◆ What you are asked to do ◆
From the entries below, write out exactly the lines between the line holding "أولئك الذين اغتالوا" and the line holding "Yeşil kuvars, ametist", inclusive, excluding any pictures.

◆ Dataset records ◆
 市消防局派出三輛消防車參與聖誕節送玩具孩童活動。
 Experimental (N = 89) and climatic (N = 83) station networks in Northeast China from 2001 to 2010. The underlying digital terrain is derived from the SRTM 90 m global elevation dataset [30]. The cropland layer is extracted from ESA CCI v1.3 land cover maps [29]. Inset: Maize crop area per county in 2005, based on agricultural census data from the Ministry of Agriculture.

==

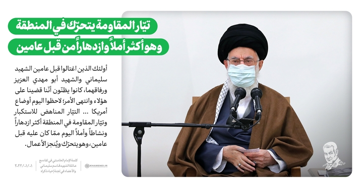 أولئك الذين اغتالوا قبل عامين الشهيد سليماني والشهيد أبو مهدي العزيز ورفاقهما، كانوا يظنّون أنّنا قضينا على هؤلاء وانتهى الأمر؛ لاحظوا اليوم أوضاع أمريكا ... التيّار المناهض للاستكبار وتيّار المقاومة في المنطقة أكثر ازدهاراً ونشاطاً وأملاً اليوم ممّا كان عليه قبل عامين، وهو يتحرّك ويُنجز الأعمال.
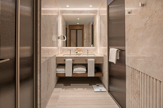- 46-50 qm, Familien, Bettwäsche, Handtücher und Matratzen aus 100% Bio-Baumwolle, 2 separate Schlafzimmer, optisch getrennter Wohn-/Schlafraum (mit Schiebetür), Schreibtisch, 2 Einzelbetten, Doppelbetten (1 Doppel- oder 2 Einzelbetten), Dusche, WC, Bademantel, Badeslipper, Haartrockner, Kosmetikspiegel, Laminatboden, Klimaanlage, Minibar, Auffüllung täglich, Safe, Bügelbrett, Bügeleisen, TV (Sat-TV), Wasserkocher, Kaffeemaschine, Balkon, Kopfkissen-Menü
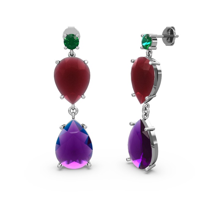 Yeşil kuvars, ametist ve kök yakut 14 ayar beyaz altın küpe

---

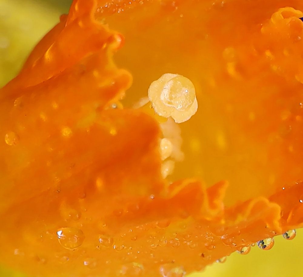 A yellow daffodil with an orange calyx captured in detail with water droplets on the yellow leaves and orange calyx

◆ Output for this exercise ◆
 أولئك الذين اغتالوا قبل عامين الشهيد سليماني والشهيد أبو مهدي العزيز ورفاقهما، كانوا يظنّون أنّنا قضينا على هؤلاء وانتهى الأمر؛ لاحظوا اليوم أوضاع أمريكا ... التيّار المناهض للاستكبار وتيّار المقاومة في المنطقة أكثر ازدهاراً ونشاطاً وأملاً اليوم ممّا كان عليه قبل عامين، وهو يتحرّك ويُنجز الأعمال.
- 46-50 qm, Familien, Bettwäsche, Handtücher und Matratzen aus 100% Bio-Baumwolle, 2 separate Schlafzimmer, optisch getrennter Wohn-/Schlafraum (mit Schiebetür), Schreibtisch, 2 Einzelbetten, Doppelbetten (1 Doppel- oder 2 Einzelbetten), Dusche, WC, Bademantel, Badeslipper, Haartrockner, Kosmetikspiegel, Laminatboden, Klimaanlage, Minibar, Auffüllung täglich, Safe, Bügelbrett, Bügeleisen, TV (Sat-TV), Wasserkocher, Kaffeemaschine, Balkon, Kopfkissen-Menü
 Yeşil kuvars, ametist ve kök yakut 14 ayar beyaz altın küpe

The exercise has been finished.